So most of the time, code like this comes back to slap yourself in the face when you have written bugs during the implementation stage. Meaning it could also be used as a debug technique: the program you are writing tells you when you have written bugs.
EDIT
Regarding why else is not needed after every single if:
An if-else or if-else if-else completely covers all possible values that a variable can have. But a plain if statement is not necessarily there to cover all possible values, it has a much broader usage. Most often you just wish to check a certain condition and if it is not met, then do nothing.

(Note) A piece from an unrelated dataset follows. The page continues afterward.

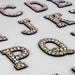 Iridescent rhinestone letter patches look great on any item of clothing and any colour because their stones catch the light causing them to sparkle and change colour. These patches are perfect for putting initials on smaller items such as hats and slippers and look amazing as a word on the back of a denim jacket. Another way to use these patches is to help add some sparkle to a brides outfit.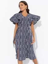 V-образный вырез горловины обработан планкой. Средний шов спинки снизу заканчивается разрезом. Талия подчёркнута съёмным завязывающимся поясом. Платье декорировано брошью.

Then it is simply not meaningful to write defensive programming to cover the else case.
Plus it would clutter up the code completely if you wrote an empty else after each and every if.
MISRA-C:2012 15.7 gives no rationale why else is not needed, it just states:
Note: a final else statement is not required for a simple if
statement.
Your company followed MISRA coding guidance. There are a few versions of these guidelines that contain this rule, but from MISRA-C:2004†:
Rule 14.10 (required): All if … else if constructs shall be terminated
with an else clause.
This rule applies whenever an if statement is followed by one or more
else if statements; the final else if shall be followed by an else
statement. In the case of a simple if statement then the else
statement need not be included. The requirement for a final else
statement is defensive programming. The else statement shall either
take appropriate action or contain a suitable comment as to why no
action is taken. This is consistent with the requirement to have a
final default clause in a switch statement. For example this code
is a simple if statement:
if ( x < 0 )
{
log_error(3);
x = 0;
} /* else not needed */
whereas the following code demonstrates an if, else if construct
if ( x < 0 )
{
log_error(3);
x = 0;
}
else if ( y < 0 )
{
x = 3;
}
else /* this else clause is required, even if the */
{ /* programmer expects this will never be reached */
/* no change in value of x */
}
In MISRA-C:2012, which supersedes the 2004 version and is the current recommendation for new projects, the same rule exists but is numbered 15.7.
Example 1:
in a single if statement programmer may need to check n number of conditions and performs single operation.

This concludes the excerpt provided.